* **Problem details**
Strip the pictures, then copy the remaining data exactly as it stands.

** Dataset records follows **

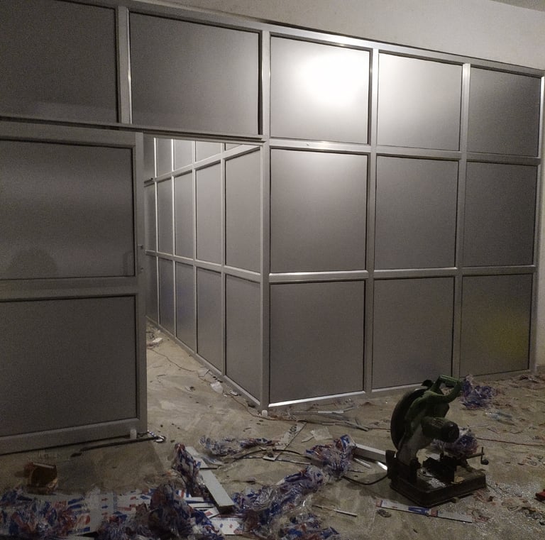 Durable aluminium partitions creating private office cabins
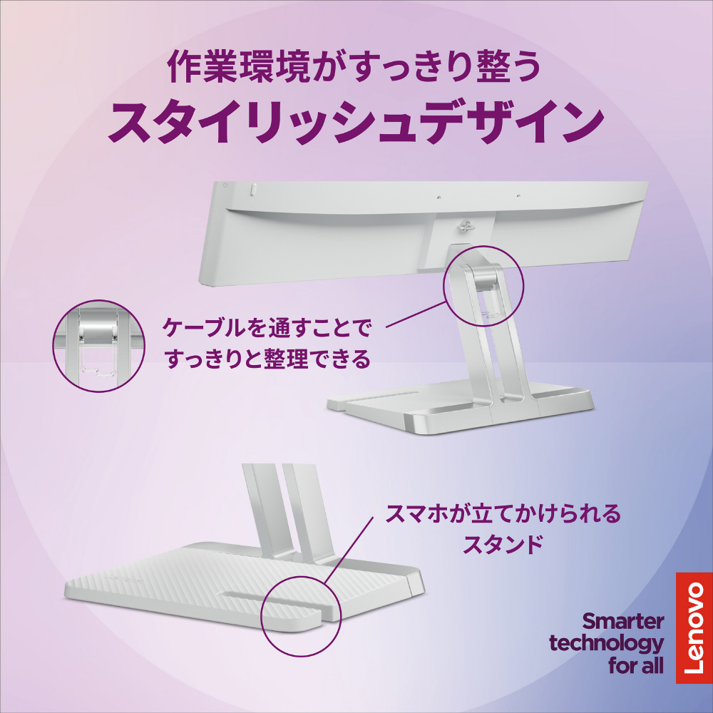 4辺の薄型ベゼルによる洗練されたデザインで、最新のワークスペースにも自然に調和します。さらに、スタンド部分にはスマートフォンを立てかけられる切り込みがあり、デスク上の利便性と整理整頓をサポートします。
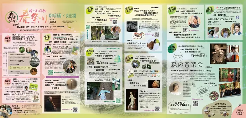 「春祭り」は「峠の美術館」を中心としたアート展示と、鎌田鳥山でのライブ・ワークショップなどが楽しめる森のアートイベント。都会の喧騒を離れ、長沼の森でゆったりとした時間を過ごすことができます。
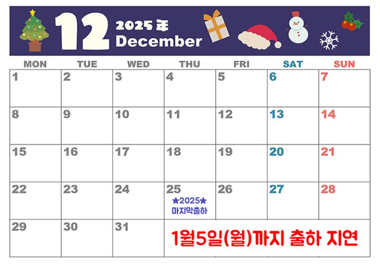 ▶ 12월25일(목) 올해 크리스마스가 마지막 출하입니다.
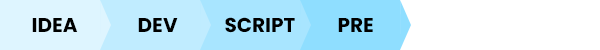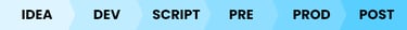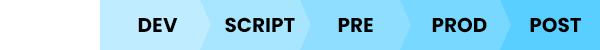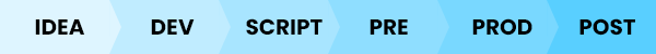 From creative ideation -> development -> script -> pre-production -> production -> post production -> delivery
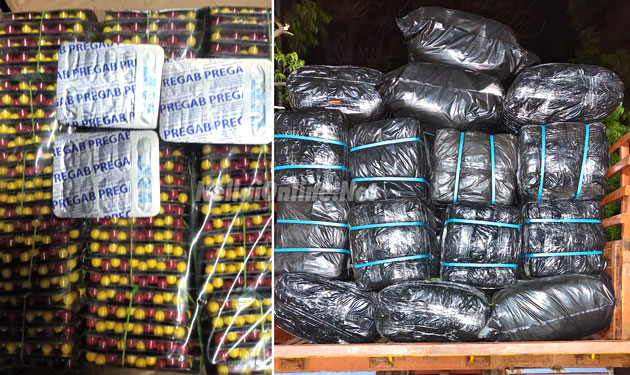 சந்தேகமடைந்த போலீசார், மினி லாரியை சோதனை செய்த போது, அதில் 9 பண்டல்களில் வலி நிவாரணி மாத்திரைகள், தலா 35 கிலோ எடை கொண்ட 72 பண்டல்களில் சுமாா் 2,500 கிலோ பீடி இலை பதுக்கி வைக்கப்பட்டிருந்தது தெரிய வந்தது. அதனை போலீசார் பறிமுதல் செய்து, சுங்கத்துறையினரிடம் ஒப்படைத்தனா்.

** End of Dataset records **

* **Problem solution**
 Durable aluminium partitions creating private office cabins
 4辺の薄型ベゼルによる洗練されたデザインで、最新のワークスペースにも自然に調和します。さらに、スタンド部分にはスマートフォンを立てかけられる切り込みがあり、デスク上の利便性と整理整頓をサポートします。
 「春祭り」は「峠の美術館」を中心としたアート展示と、鎌田鳥山でのライブ・ワークショップなどが楽しめる森のアートイベント。都会の喧騒を離れ、長沼の森でゆったりとした時間を過ごすことができます。
 ▶ 12월25일(목) 올해 크리스마스가 마지막 출하입니다.
 From creative ideation -> development -> script -> pre-production -> production -> post production -> delivery
 சந்தேகமடைந்த போலீசார், மினி லாரியை சோதனை செய்த போது, அதில் 9 பண்டல்களில் வலி நிவாரணி மாத்திரைகள், தலா 35 கிலோ எடை கொண்ட 72 பண்டல்களில் சுமாா் 2,500 கிலோ பீடி இலை பதுக்கி வைக்கப்பட்டிருந்தது தெரிய வந்தது. அதனை போலீசார் பறிமுதல் செய்து, சுங்கத்துறையினரிடம் ஒப்படைத்தனா்.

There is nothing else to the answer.